Health Literacy: The Need Exists…
Every day, patients are asked to make difficult medical choices that they are not qualified to make. For these reasons, healthcare professionals often provide patients with health information that is comprehensive, but often seen as confusing and uninviting. According to a study published in the Journal of the American Medical Association[5] (JAMA), only 9 percent of clinical decisions made during patient-physician interactions meet the criteria for informed consent.
The major obstacle to achieving a more informed and active healthcare consumer is the lack of basic health literacy in the United States[2]. – Council of State Governments
Data suggests that most patients fail to maximize the benefits during interactions with the healthcare system because they lack the knowledge to do otherwise. Why? Because uneducated patients have limited options and their ability to achieve their most desired medical outcomes are significantly diminished. For these reasons, less than optimal medical outcomes are the result, and medical litigation is on the rise; limiting access to quality care for all.
Low health literacy is a silent and costly epidemic…
The AMA Foundation estimates that nearly 90 million Americans (46% of the adult population) are unable to read or understand medical education handouts, instruction forms, consent forms, or history questionnaires. These patients may be unable to follow recommended health guidelines, take medications as directed, or monitor basic symptoms.
Limited literacy skills are a stronger predictor of health status than age, income, employment status, education level, or racial or ethnic group. – Partnership for Clear Health Communications
Patients with low literacy skills typically have poorer health, consume more health care resources, have more frequent doctor visits and longer hospital stays. Recent studies show that as little as 10% of the population consumes 80% of the resources[24], which amounts to an estimated $73B in unnecessary medical expenditures every year[6]. In addition, the total cost of obesity exceeded $117 billion[4] in 2000 alone. Expenditures are unknown for Intangible and other important costs such as unnecessary human suffering, pain and frustration, less time with family and friends; and anxiety about the future.

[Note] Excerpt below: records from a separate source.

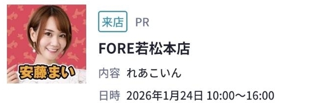 FORE若松本店【安藤まい来店】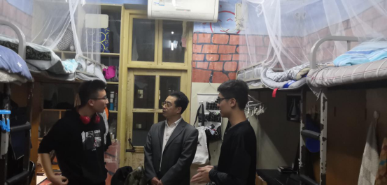 专题党课结束后,他深入二期学生公寓走访看望2018级电子信息工程班的同学,详细了解同学们的学生生活情况,并勉励同学们努力学习,不负青春韶华。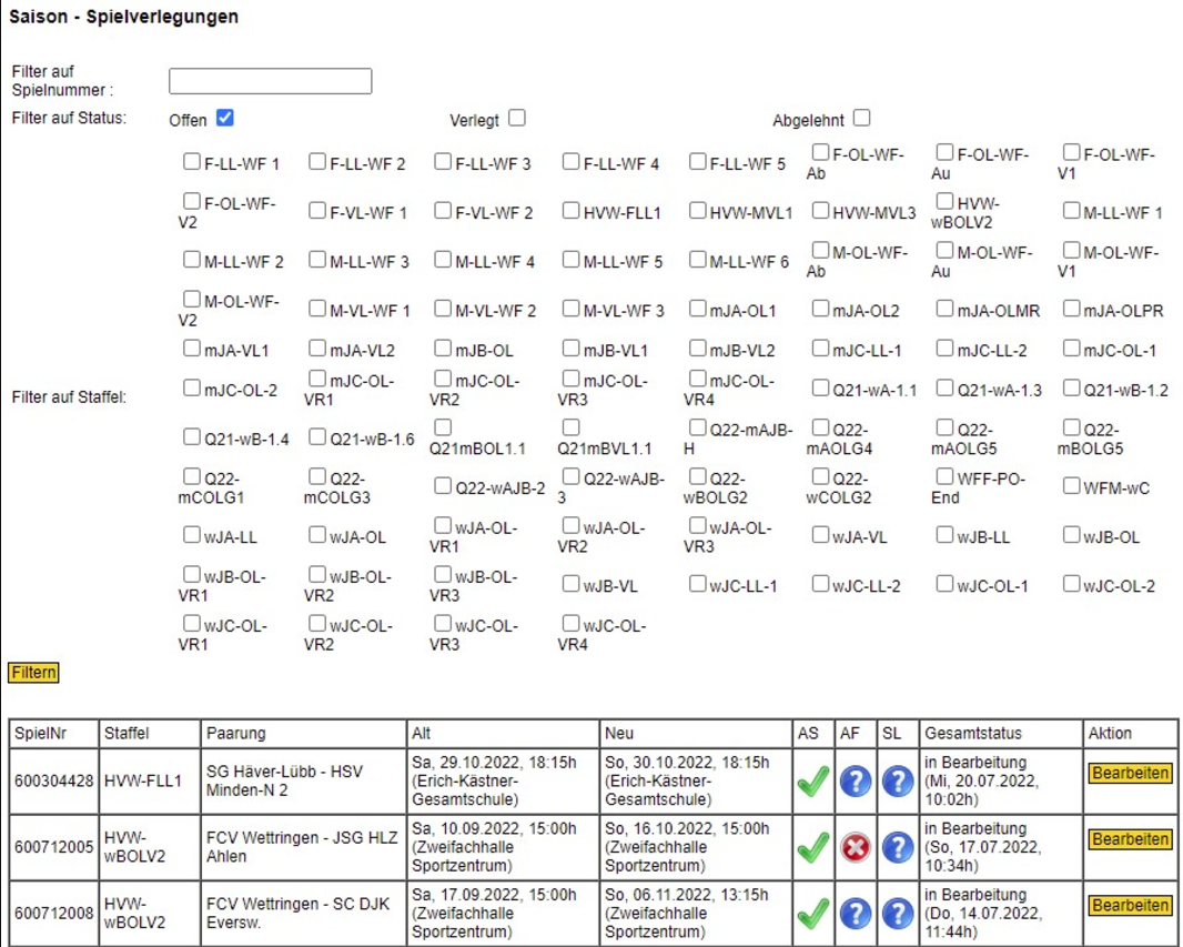 In diesem Menü werden die während der laufenden Saison von den Vereinen geplanten Spielverlegungen seitens der Spielleitenden Stelle bearbeitet.
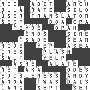 ACROSS 1. Born 4. "This won't hurt ____!" 8. Bowlike part 12. Water jar 14. Assign a rank or rating to 15. Grain storage tower 16. One who makes use of a thing 17. Interpreter 20. Religious group 21. ___ good deed 22. Numbers guy (abbr.) 23. Miss Universe 1986, Barbara Palacios _ 27. Brightly colored fish 29. Conclusions 31. The founder of a family 34. Sadhe (variant) 35. Burn superficially 36. Flintstone garb 39. Slangy assent 41. Toward the sea 42. Angers 43. Suffix with ecto or cyto 46. Table seasoning 47. Sharp bark 48. American tennis player Robert 51. Having winglike extensions 54. Fish or hair follower 56. Alias (abbr.) 58. Lyric poems 61. The property of being fit to eat 66. Actor Griffith 67. Small Philippine buffalo 68. It was, poetically 69. Raised platform 70. Austrian-born American filmmaker Fritz 71. Back-to-school mo. 72. Arrange properly for use DOWN 1. Horse sense 2. Otherwise 3. Opt 4. Nonscientific branch of learning 5. Tavern 6. Call ___ day 7. Watch over 8. White ___ sheet 9. Actors Guy, Robert Welles, and Clint 10. Hoof sound 11. Israeli folk dance 13. Johnson of "Laugh-In" 18. "Barney Miller" actor Jack 19. Infant locale 24. Affirmative reply 25. Heredity factor (abbr.) 26. Whirlpool 28. Indian state 30. Not well drained, as in land 32. Actress Charlotte 33. Period 34. Trials 36. Part of HMS, perhaps 37. Retirement account (abbr.) 38. Accusation by an informer 40. Entreaty 44. Everything 45. Health resort 49. Actor Linden 50. Make supply last 52. Frog relative 53. Ferber et al. 54. Anneal 55. Pulitzer Prize-winning author Ferber 57. Pismires 59. Singer Brickell 60. System (abbr.) 62. Paper or plastic container 63. She-sheep 64. Plant excrement 65. Fast jet (abbr.)

Although these costs are excessive and largely preventable, current trends suggest that these problems will persist as long as patients are asked to assume more responsibility for self-care while their health literacy levels remain low, and available tools continue to miss the mark.
A Viable Alternative…
PHIERS can help the healthcare industry improve the quality, impact and reach of “actionable” health information in a manner acceptable to most health care information consumers, including special needs groups like the elderly, low income and racial/ethnic populations.
PHIERS will make it easy for patients to access, understand, and act on the information provided to them by their caregivers, which will allow providers to focus on the “quality” of care, rather than the “quantity” of information transferred.